The first piece of advice I would give someone who found themselves or someone they care about with a new diagnosis is to get connected.  Seek and engage anyone associated with the condition, whether they are in the next street or on the other side of the world – technology has made it easy to connect and share information.  This includes families living with the condition, patient groups, researchers working in the field and industry (biotechs and pharma).  These people will become a great support network and source of information and they will be the ones who know about what research, particularly that heading in to clinical trial, is happening around the world.

The second thing I would say is to have hope.  I am not talking about false hope where miracles occur but never give up hope that you can provide a better life for your loved one than the one you were handed upon diagnosis.  There is a lot that is happening in research and lots of opportunity for families to contribute to and influence that.

  1. Why do you think clinical trials matter?   OR   Why do you think people should think about investigating clinical trials as an option?

Clinical trials are obviously critical for the ongoing development of drugs and therapies that benefit the wider community and future generations.  But for life-limiting conditions like Sanfilippo, clinical trials also represent a unique opportunity for patients to access emerging treatments that could be their only chance for intervention within their lifetime.  When a condition is so aggressive and no approved treatments exist, access via a clinical trial is literally the only chance a patient might have.

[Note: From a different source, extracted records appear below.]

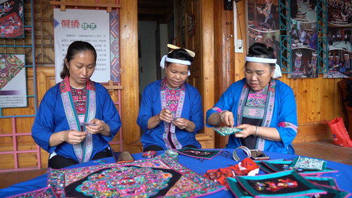 这些年,在广西柳州市三江侗族自治县同乐苗族乡同乐村,侗绣技艺传承人杨甜的家最特别,也最热闹。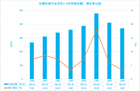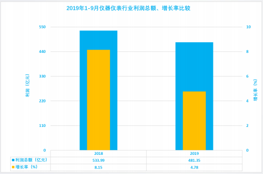 近日,上海行业协会发布了2019年1-9月仪器仪表行业经济运行概况。1-9月仪器仪表行业实现利润总额481.35亿元,同比增长4.78%;利润净增21.95亿元,比上年的40.24亿元减少45.46%。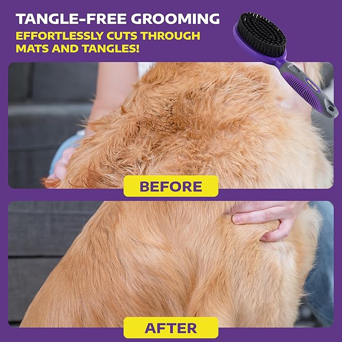 - GROOMS AND MASSAGES FOR A HEALTHY COAT - Brushing your pet occasionally with our bristle brush increases blood circulation and leaves your pet with healthy skin and a shiny topcoat.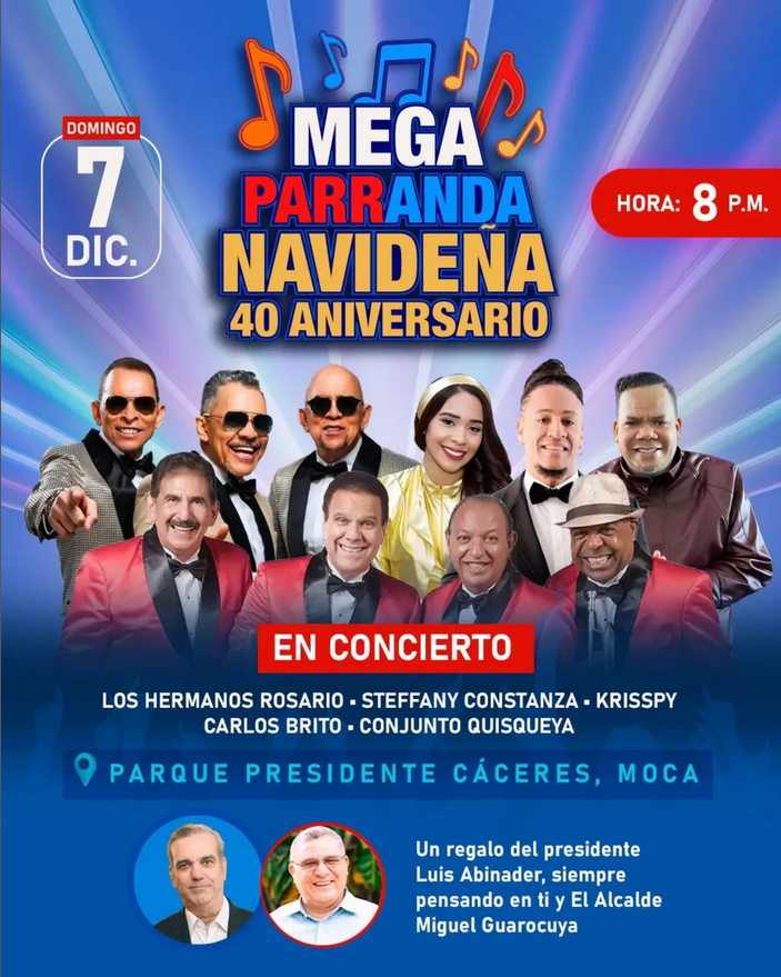 Este evento es un regalo especial para la comunidad, auspiciado por el presidente Luis Abinader y el alcalde de Moca, Miguel Guarocuya Cabral.

The challenge of course is that this needs to be balanced with the primary purpose of a trial; that is to demonstrate safety and efficacy of a drug candidate, something that could be compromised if the focus is too heavily on access rather than eligibility.  As drug development accelerates, particularly for severe genetic disorders, regulatory frameworks and clinical trial guidelines will need to carefully consider compassionate use and access policies to meet increasing demands.


I’d like to thank Megan for sharing her thoughts with us, and her tireless advocacy for her children, other children with Sanfilippo Syndrome, and clinical trials. I wish you, your husband and your gorgeous children a long and happy life together.

Happy International Clinical Trials Day.